Packaging
Every distribution is different, and has different idioms for configuration location and style, but we recommend the following guideliens for packages where ever possible.
Of all the guidelines, perhaps the most important is to provide a suid or setcap option; Kismet is designed to run only the minimal required components with elevated privileges, and it is much more secure to run the main Kismet server as a non-privileged normal user.
Example packages for various distributions are in the kismet-packages repository.
Provide a suid (or setcap) install option
The Kismet capture binaries (kismet_cap_linux_wifi
, kismet_cap_linux_bluetooth
,
and so on) require root privileges to control the interfaces, however generally
Kismet itself should not be run as root.
Kismet supports two mechanisms for privilege separation:
- Installing the binaries setuid root, and restricting access to them by
limiting them to a specific group (
kismet
, by preference). - Installing the binaries normally, but using
setcap
to give them authority to change network settings:setcap cap_net_raw,cap_net_admin=eip
, and restricting them to a single group (kismet
again, by preference).
When installed suid-root, the Kismet helper utilities will drop capabilities and pivot into a read-only mount namespace.
Building with Protobufs support
Until 2025-09-R1
the Kismet IPC and remote capture datasource protocol was based on
Google Protobufs. The Protobufs dependency has become increasingly difficult to
deal with in a portable fashion, and has been superceded by a much simpler
protocol encoded via messagepack. The messagepack encoder is embeded in the
Kismet source.
For 2025-09-R1
and possibly the next major release after, the legacy Protobufs
protocol remains available as an optional compile-time toggle. Packagers are
generally recommended to enable it, as this allows older remote capture installs
to still talk to the new Kismet server until the user has upgraded them, however
it likely is not a major issue if carrying the protobufs dependency is
problematic.
Legacy protobufs support will likely be completly removed once upgrading remote captures is no longer of concern.
Provide multiple packages for capture tools
Kismet capture tools can be packaged independently.
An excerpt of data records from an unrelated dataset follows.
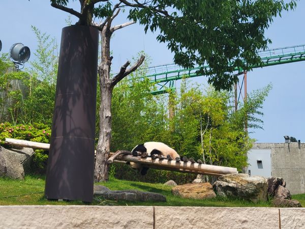 今回は、5月の後半、最後に4頭に会いにアドベンチャーワールドに行った際の様子をレポートします。この日は数日後には検疫期間に入り室内展示になるため、外に出ている姿をギリギリ見られるラッキーなタイミングでした。
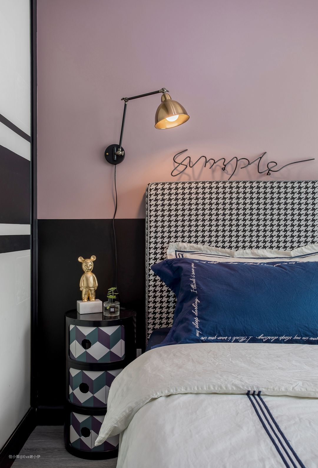 还记得第一次看到这张床时的激动,【千鸟格靠背】应该是万年经典百搭款了,因为它排列极规整,所以背景墙特意用【壁灯+台灯+字母装饰+单幅挂画】随意地组合了一番~
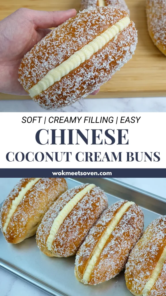 Soft and fluffy milk bread stuffed to the brim with a creamy buttercream filling that’s rich and velvety smooth and topped with sprinkles of coconut flakes. You’re gonna love this Chinese coconut cream bun recipe.
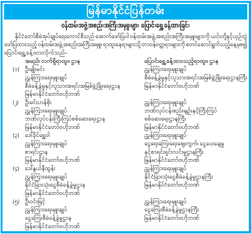 ဝန်ကြီးဌာန ကြေညာချက်များ
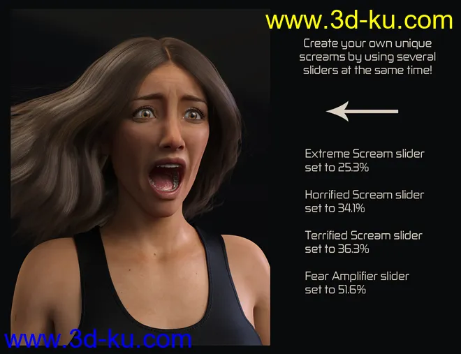 Biometric Expressions – Screams of Terror and Battle! for Genesis 3 Female(s)
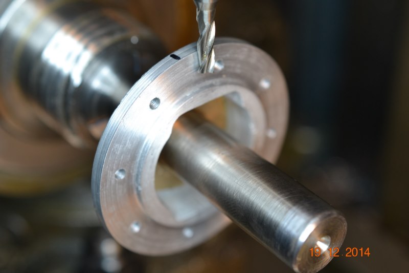 (Ph61 & 62) Pour usiner correctement l’axe des planétaires, j’ai collé à la Loctite forte un axe martyr, puis fixer ainsi le demi-carter dans le diviseur de la fraiseuse. Effectuer les MàZ d’usage, monter le second demi-carter et procéder au fraisage en ligne des deux demi-carters.
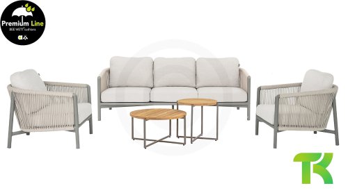 Die Apple Bee Bora Bora Lounge Kollektion ist minimalistisch, elegant und sauber. Sie zeichnet sich durch das zweischichtige geflochtene Seil aus, durch das man hindurchsehen kann. Die feinen, gebogenen Formen dieses Möbels sorgen für ein klares, aber dennoch elegantes Erscheinungsbild. In Kombination mit dem harmonischen Zusammenspiel der Taupe-Farben und des Seils ist das luxuriöse Bora Bora eine wunderschöne Ergänzung im Garten. Natürlich ist dieses Lounge-Set auch wieder mit den Bee Wett®-Kissen ausgestattet. Diese Bee Wett®-Kissen sind spezielle wetterfeste Kissen. Das offene Gewebe an der Unterseite des Kissens sorgt für eine perfekte Drainage. Dadurch trocknet Ihr Bee Wett-Kissen spektakulär viel schneller als andere Kissen. Darüber hinaus ist der Stoff beständig gegen Fäulnis und Schimmel, UV-beständig, feuchtigkeitsbeständig, weich und komfortabel.
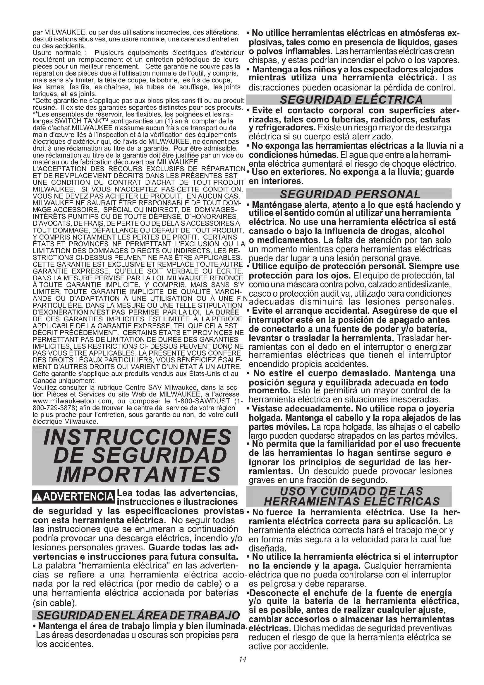 Cada producto de equipos electricos para el exterior de MILWAUKEE (ver exceptiones a continuación) Tiene garantía solamente con el comprador original contra defectos del material y calidad. Sujeto a ciertas exceptiones, MILWAUKEE reparar o reemplazaríarialquier parte de un producto de equipos electricos para el exterior que, despues de examinarse, sea determinado por MILWAUKEE que tenen material o calidad defectuoso durante un periodo de tres (3) años* afterwards of la Fecha de compra a menos que se estipule lo contrario. Se requiere la devolución del equipo electrico para el exterior a un lugar del Centro de service de una fabrica MILWAUKEE or Estación de servicios autorizzato MILWAUKEE, con el flete pagado por anticipado y asegurado. Debera incluirse una copia del comprobante de compra con la devolución del producto.Esta garantía no aplica a daniosque MILWAUKEE determine provengan de reparaciones ointentos de reparaciones realizados por alguien que no sea personal autorizzato de MILWAUKEE, por mal uso, alteraciones, abuso, deterioro normal, falta de mantenimiento o accidentes.
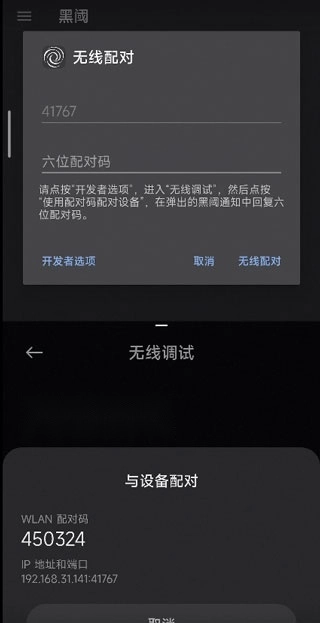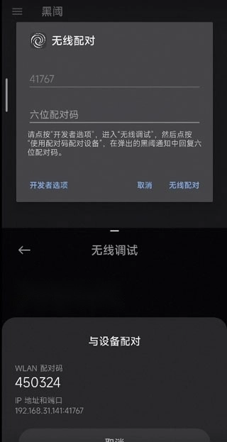3、打开黑阈,滑动到最右栏,选择打开黑阈,软件提示打开开发者选项,开启usb调试,开启无线调试,选择配对码链接,这个时候分屏打开黑阈,软件就会提示无线链接,输入配对码;
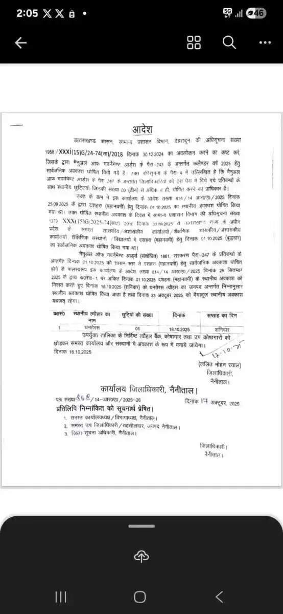 हल्द्वानी - DM रयाल ने 18 अक्टूबर को धनतेरस पर नैनीताल जिले में छुट्टी घोषित की, यह खुले रहेंगे, पढ़िए आदेश
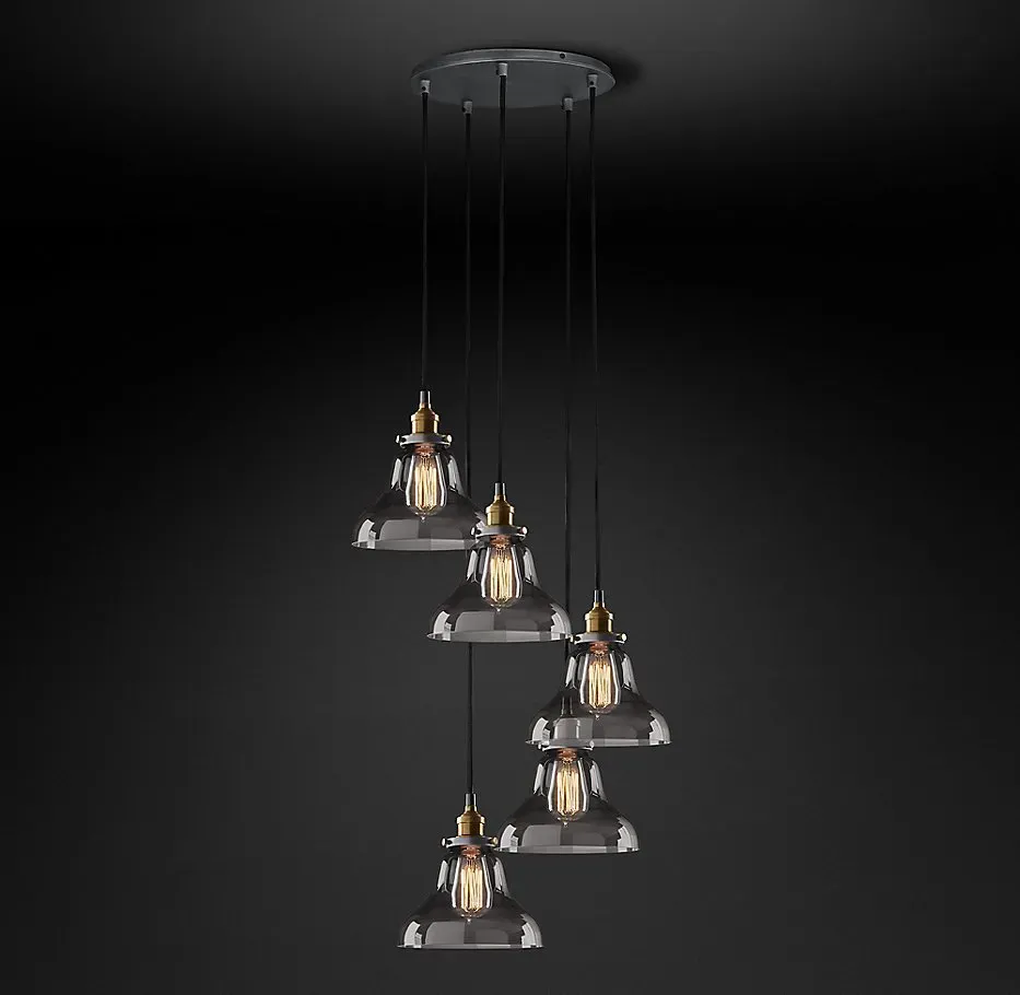 Подвесной дизайнерский светильник 20th C. Factory Filament Smoke Glass Boulangerie Round Pendant by Restoration Hardware
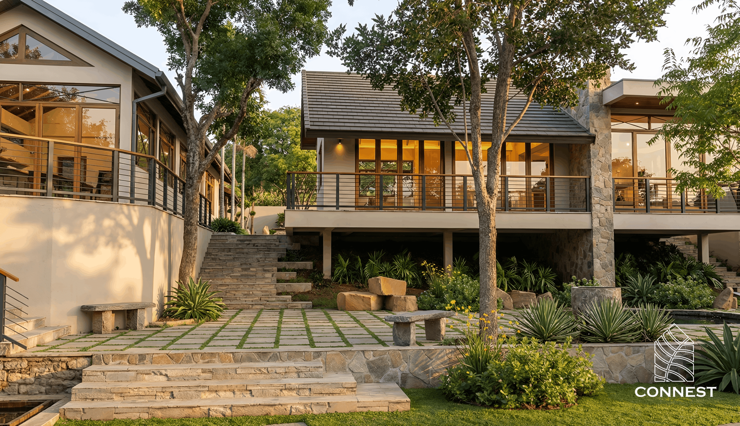 Trên khu đất rộng, ngôi nhà được tổ chức theo dạng cụm nhà thấp tầng, trải dài theo phương ngang thay vì dồn khối. Cách bố trí này giúp mọi không gian đều có sự tiếp xúc trực tiếp với sân vườn, ánh sáng và cây xanh.
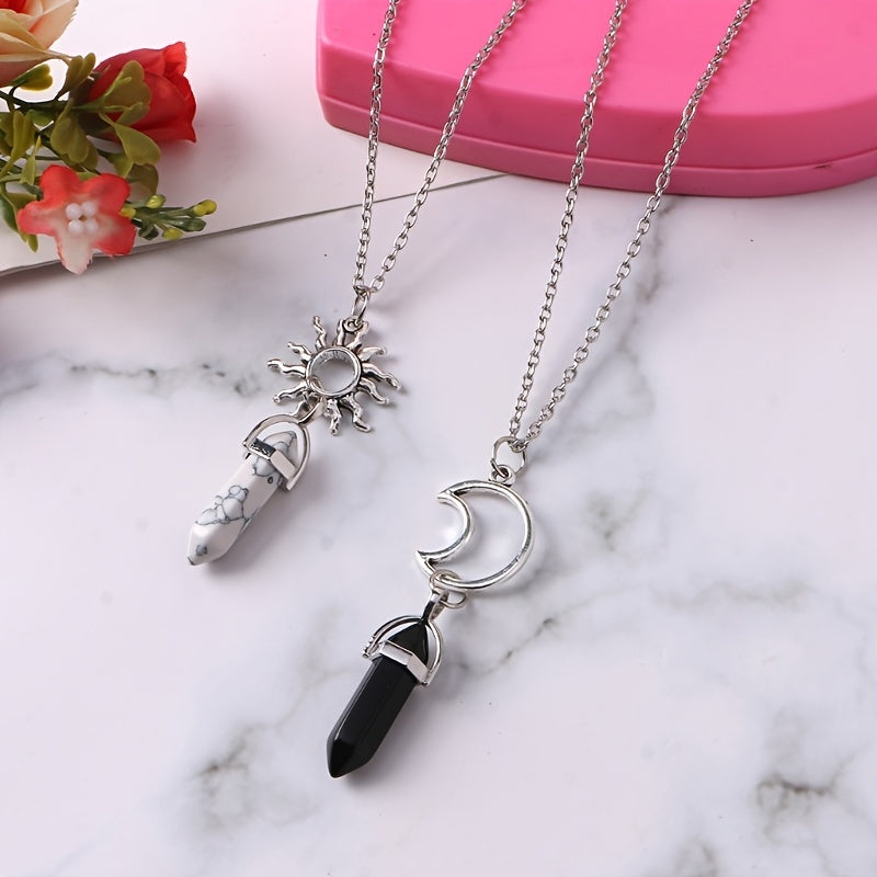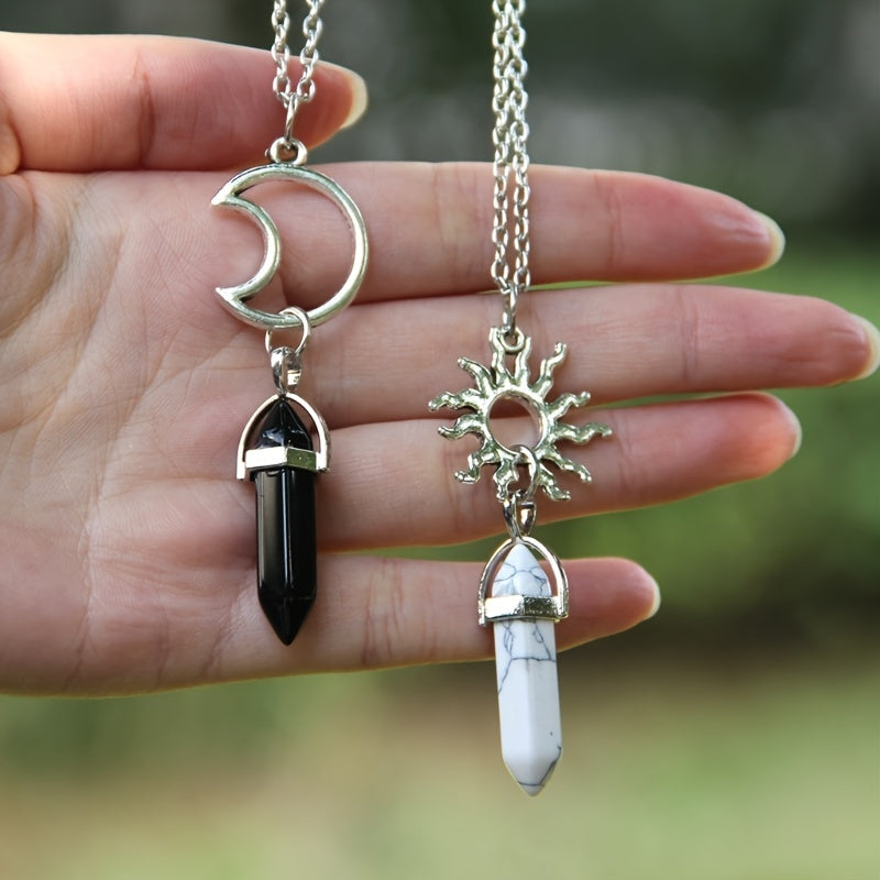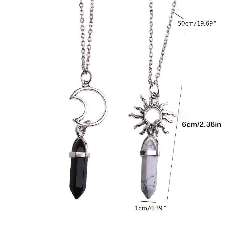 Elevate your style with this 2-pack vintage sun moon necklace featuring a two-tone hexagon crystal pendant. Perfect for adding a touch of celestial charm to any outfit.
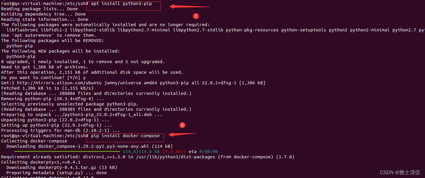 2:输入命令apt install python3-pip ,安装成功之后输入pip install docker-compose,安装docker-compose

By preference, the capture tools should be independent packages so that a user building a remote capture system only needs the specific capture packages. A meta-package which references all of the capture tools can provide a simple installation point for users.
Default prefix
The Kismet configure defaults to /usr/local/
; typically a distribution package would target /usr
as the prefix. This can be adjusted as per LSB and distribution guidelines.
Data files
Kismet installs data and lookup files to ${prefix}/share/kismet/
; these include kismet_manuf.txt.gz
and kismet_adsb_icao.txt.gz
and in the future will include similar files for Bluetooth service resolution.
The manuf file should, if possible, always be installed - this is the lookup database for manufacturer assignments based on MAC address. For extremely size constrained distributions this file could be omitted (preferably moved to a separate so that a user can choose to install it), however the user experience will be degraded as manufacturers will no longer be detected.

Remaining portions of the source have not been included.